When must a trademark infringer disgorge its profits?

On Behalf of | Nov 15, 2019 | Trademark Law |

The U.S. Supreme Court released its January 2020 oral argument calendar and it schedules argument in an important trademark infringement case. On Jan. 14, the fourth case heard in the new year will be Romag Fasteners v. Fossil Inc., requiring the justices to decide whether the trademark owner must show the infringement was willful under the Lanham Act to be awarded the infringer’s profits.

Do federal courts have flexibility to award profits or must they first find willful infringement?

Infringement of a trademark occurs when a nonowner uses the mark or one confusingly similar for the same or related goods or services associated with the trademark such that the public would be confused about the source of the goods or services.
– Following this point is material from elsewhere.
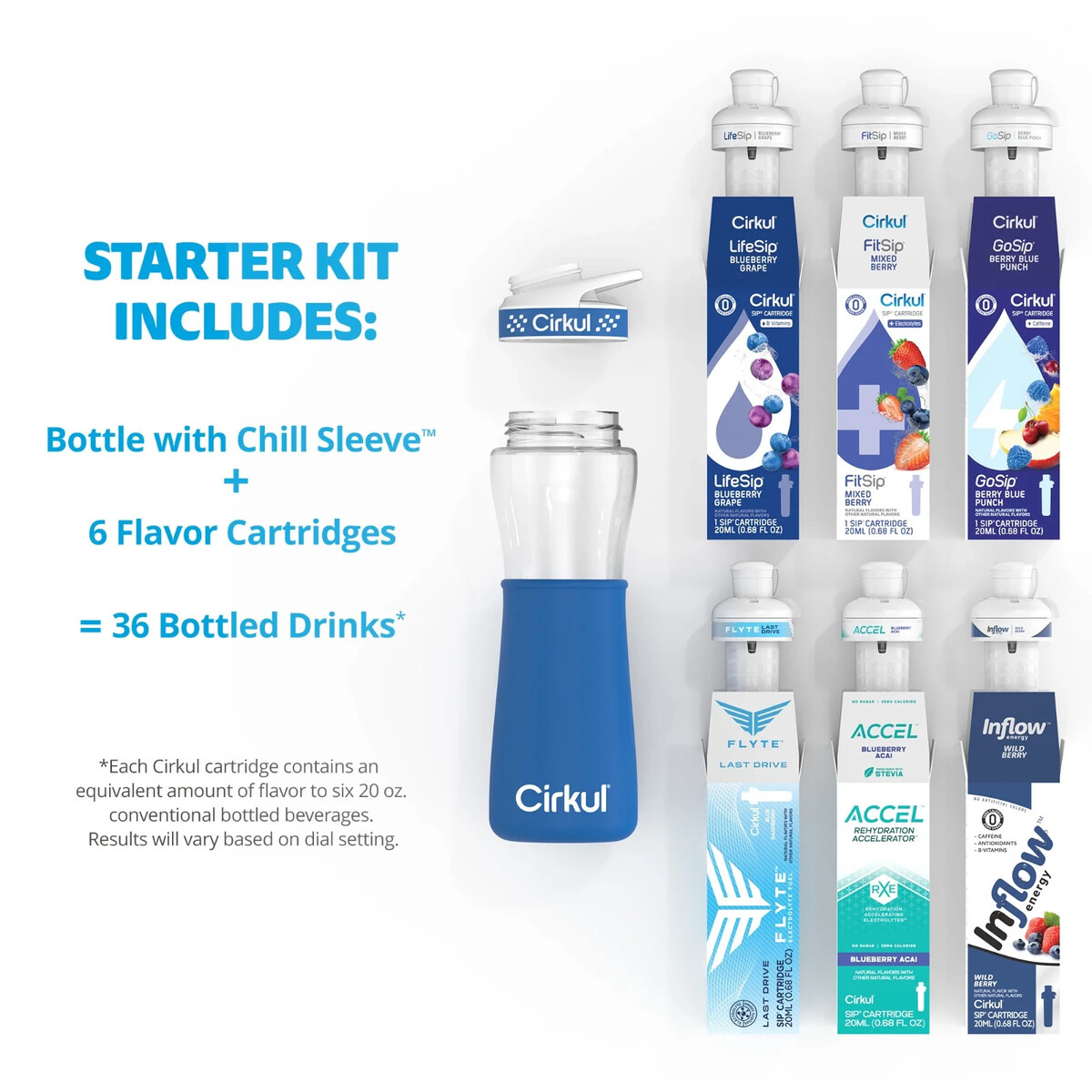 - Cirkul 22 fl oz Plastic Bottle&Navy Chill Sleeve Value Pack w/ 6 Flavor Cartridg
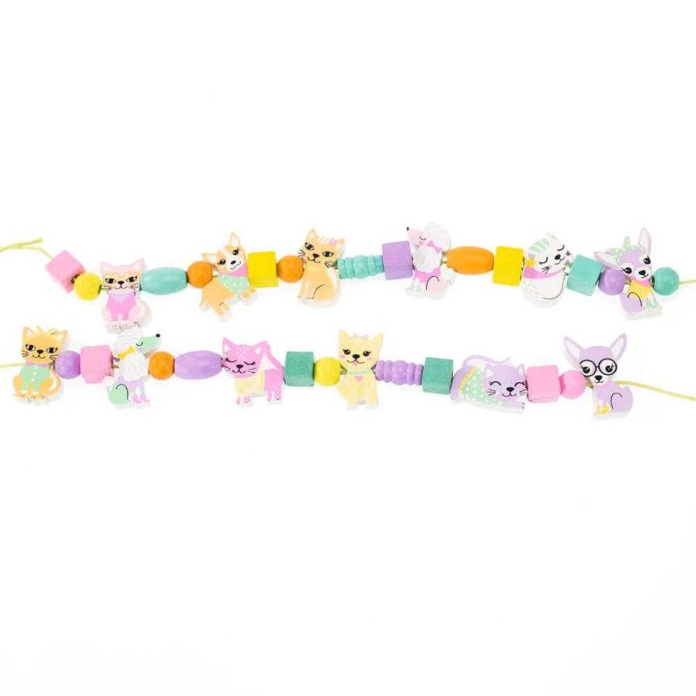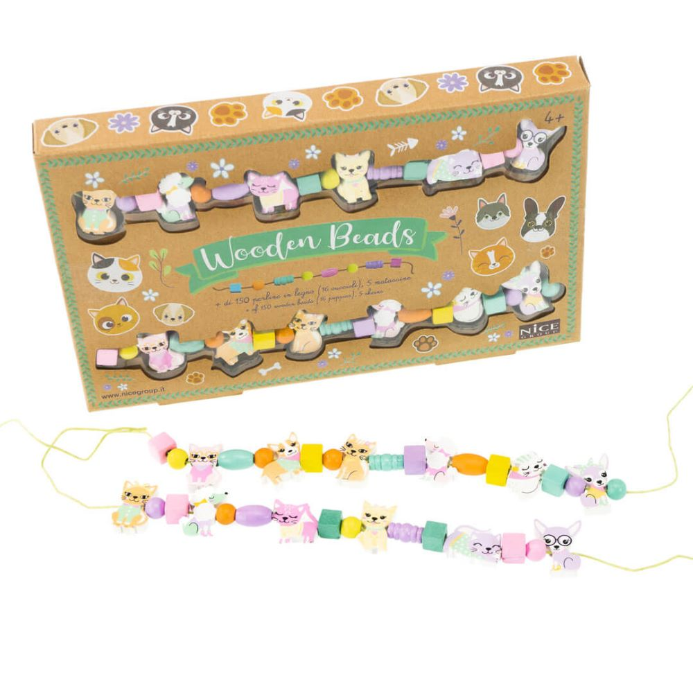 Kit de mărgele din lemn assortite pentru a crea brățări și coliere originale și creative pentru copii, într-o cutie eco-friendly. Distracție garantată pentru a compune decorațiuni, a inventa combinații noi și a adăuga culoare stilului personal cu ajutorul mărgelelor cu animăluțe!

The issue in Romag Fasteners is following a finding of infringement, under what circumstances may an infringer be required to disgorge its profits, and whether it is necessary to establish the infringement was “willful.”

Professionals and courts split down the middle on the issue

As explained in an IP Watchdog article, several professional organizations have taken stands in the case, most urging for a flexible approach that would allow the trial court to fashion an appropriate remedy for infringement without first establishing willfulness. For example, the American Bar Association argues that the Supreme Court has supported lower courts having “flexibility and discretion” in Lanham Act infringement cases. The ABA asserts that willfulness in infringement (as opposed to negligent or accidental infringement) should be a factor to consider in awarding profits, but not a prerequisite.

By contrast, the Intellectual Property Owners Association or IPO takes the opposite approach, pushing for a willfulness requirement to be awarded profits. IPO believes the Lanham Act’s “plain language and legislative history” require willfulness (quoting IPO’s amicus brief).

In addition, the circuits (of the U.S. Courts of Appeal) are split six-six on the issue, with the 9th Circuit (which includes California) agreeing with the IPO.

We will report back in this space on this important trademark case.